Creamer is an unapologetic advocate for the progressive cause. (By the way, as he explains about 500 pages into the book, "progressive" means "liberal"; the "radical conservatives" have successfully made "liberal" a pejorative, so the liberals can't use that word any more.) He's spent his life as a political organizer, and he uses that experience to illustrate the points he's making with interesting anecdotes. The book is based on the a priori assumption that the progressive cause is true, pure, and right. If you can't accept that assumption, you will not like this book at all.
However, even though the progressive cause is true, pure, and right, the task of progressive organizers is to crush any candidates who run against that cause. That's because, obviously, if progressives aren't elected to office, the progressive agenda cannot be enacted into law and financed.
Fair enough, but Creamer clearly believes that those committed to the progressive cause are justified in using any and all means to "frame" the debate and win the election, while those who run against them are by definition radical conservatives who are not justified ipso facto in using any and all means necessary to win. If you cannot accept that point of view, you will not like this book at all.
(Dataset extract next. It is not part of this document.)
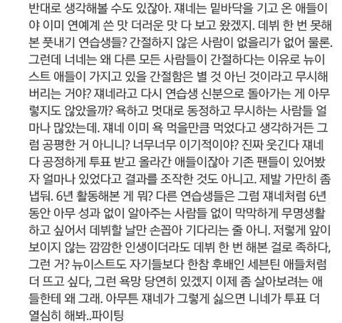 한번만 반대로 생각해보면 어떨까. 물론 간절하지 않은 연습생은 없겠지만, 플디즈 애들 중3때 지방에서 서울로 올라와서 3년동안 연습하고 18살이라는 어린 나이에 데뷔해서 6년간 실패만 해본 애들이야. 해체 위기를 앞두고 이뤄낸건 없고 앞으로 계약 끝나면 뭘해야할지 얼마나 깜깜했을까. 마지막 도전으로 모든 걸 내걸고 프듀에 나왔는데. 너네가 과연 이런 애들한테 돌을 던질 자격이 있을까?

I thought the book was interesting, but I really didn't like it at all. Its organization and lack of editorial discipline made it a very nearly unreadable mess. In addition, I am an independent, one of the misguided people Creamer is interested in training activists to motivate and manipulate during campaigns, so there really wasn't much here for me.
I'm afraid that the same will be true for anyone else who's not already one of the progressive activists that Creamer is directing the book toward.